> _What this task involves_
Leave out the pictures and copy the remaining records exactly.

↓↓↓

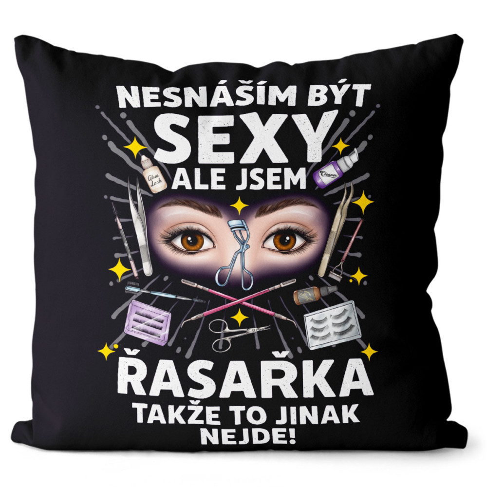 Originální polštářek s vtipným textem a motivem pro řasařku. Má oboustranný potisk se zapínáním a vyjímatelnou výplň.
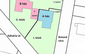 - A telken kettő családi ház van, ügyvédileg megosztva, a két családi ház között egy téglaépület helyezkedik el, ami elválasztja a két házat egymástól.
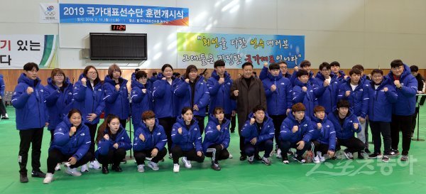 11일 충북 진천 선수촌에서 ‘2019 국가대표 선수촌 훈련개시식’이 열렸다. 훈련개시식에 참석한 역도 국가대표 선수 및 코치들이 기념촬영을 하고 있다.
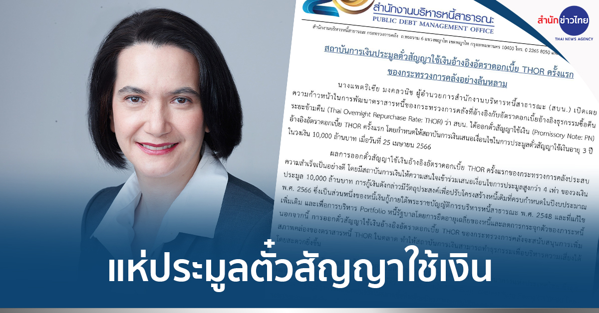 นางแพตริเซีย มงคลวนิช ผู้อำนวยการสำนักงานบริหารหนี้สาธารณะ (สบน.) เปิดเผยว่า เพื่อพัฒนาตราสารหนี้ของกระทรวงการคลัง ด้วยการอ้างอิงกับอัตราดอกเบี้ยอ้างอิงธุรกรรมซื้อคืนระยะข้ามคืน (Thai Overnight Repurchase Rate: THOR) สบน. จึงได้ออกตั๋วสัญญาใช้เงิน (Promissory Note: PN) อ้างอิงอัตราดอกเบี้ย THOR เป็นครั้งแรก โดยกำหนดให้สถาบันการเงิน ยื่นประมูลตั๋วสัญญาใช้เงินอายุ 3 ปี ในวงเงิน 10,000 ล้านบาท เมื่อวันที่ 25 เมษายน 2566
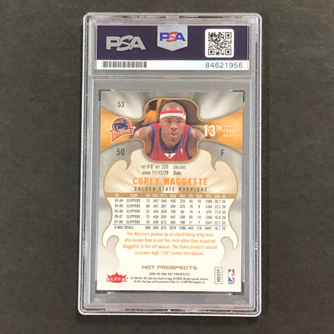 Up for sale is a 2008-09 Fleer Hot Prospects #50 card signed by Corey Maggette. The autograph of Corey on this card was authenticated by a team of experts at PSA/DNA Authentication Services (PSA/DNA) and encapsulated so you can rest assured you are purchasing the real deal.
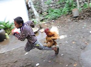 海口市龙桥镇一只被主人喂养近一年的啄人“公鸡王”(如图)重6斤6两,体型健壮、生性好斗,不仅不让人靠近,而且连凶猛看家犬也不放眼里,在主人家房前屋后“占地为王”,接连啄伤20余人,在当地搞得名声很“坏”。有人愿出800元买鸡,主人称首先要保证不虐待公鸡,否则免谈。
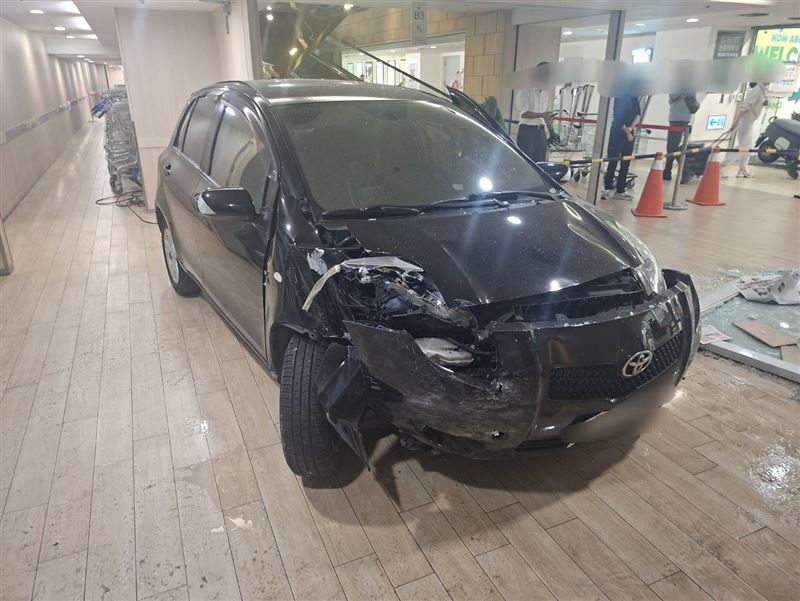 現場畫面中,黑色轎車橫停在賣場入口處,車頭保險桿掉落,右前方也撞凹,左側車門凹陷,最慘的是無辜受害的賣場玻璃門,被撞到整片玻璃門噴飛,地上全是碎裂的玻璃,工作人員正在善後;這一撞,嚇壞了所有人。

↑↑↑

> _Expected answer_
 Originální polštářek s vtipným textem a motivem pro řasařku. Má oboustranný potisk se zapínáním a vyjímatelnou výplň.
 - A telken kettő családi ház van, ügyvédileg megosztva, a két családi ház között egy téglaépület helyezkedik el, ami elválasztja a két házat egymástól.
 11일 충북 진천 선수촌에서 ‘2019 국가대표 선수촌 훈련개시식’이 열렸다. 훈련개시식에 참석한 역도 국가대표 선수 및 코치들이 기념촬영을 하고 있다.
 นางแพตริเซีย มงคลวนิช ผู้อำนวยการสำนักงานบริหารหนี้สาธารณะ (สบน.) เปิดเผยว่า เพื่อพัฒนาตราสารหนี้ของกระทรวงการคลัง ด้วยการอ้างอิงกับอัตราดอกเบี้ยอ้างอิงธุรกรรมซื้อคืนระยะข้ามคืน (Thai Overnight Repurchase Rate: THOR) สบน. จึงได้ออกตั๋วสัญญาใช้เงิน (Promissory Note: PN) อ้างอิงอัตราดอกเบี้ย THOR เป็นครั้งแรก โดยกำหนดให้สถาบันการเงิน ยื่นประมูลตั๋วสัญญาใช้เงินอายุ 3 ปี ในวงเงิน 10,000 ล้านบาท เมื่อวันที่ 25 เมษายน 2566
 Up for sale is a 2008-09 Fleer Hot Prospects #50 card signed by Corey Maggette. The autograph of Corey on this card was authenticated by a team of experts at PSA/DNA Authentication Services (PSA/DNA) and encapsulated so you can rest assured you are purchasing the real deal.
 海口市龙桥镇一只被主人喂养近一年的啄人“公鸡王”(如图)重6斤6两,体型健壮、生性好斗,不仅不让人靠近,而且连凶猛看家犬也不放眼里,在主人家房前屋后“占地为王”,接连啄伤20余人,在当地搞得名声很“坏”。有人愿出800元买鸡,主人称首先要保证不虐待公鸡,否则免谈。
 現場畫面中,黑色轎車橫停在賣場入口處,車頭保險桿掉落,右前方也撞凹,左側車門凹陷,最慘的是無辜受害的賣場玻璃門,被撞到整片玻璃門噴飛,地上全是碎裂的玻璃,工作人員正在善後;這一撞,嚇壞了所有人。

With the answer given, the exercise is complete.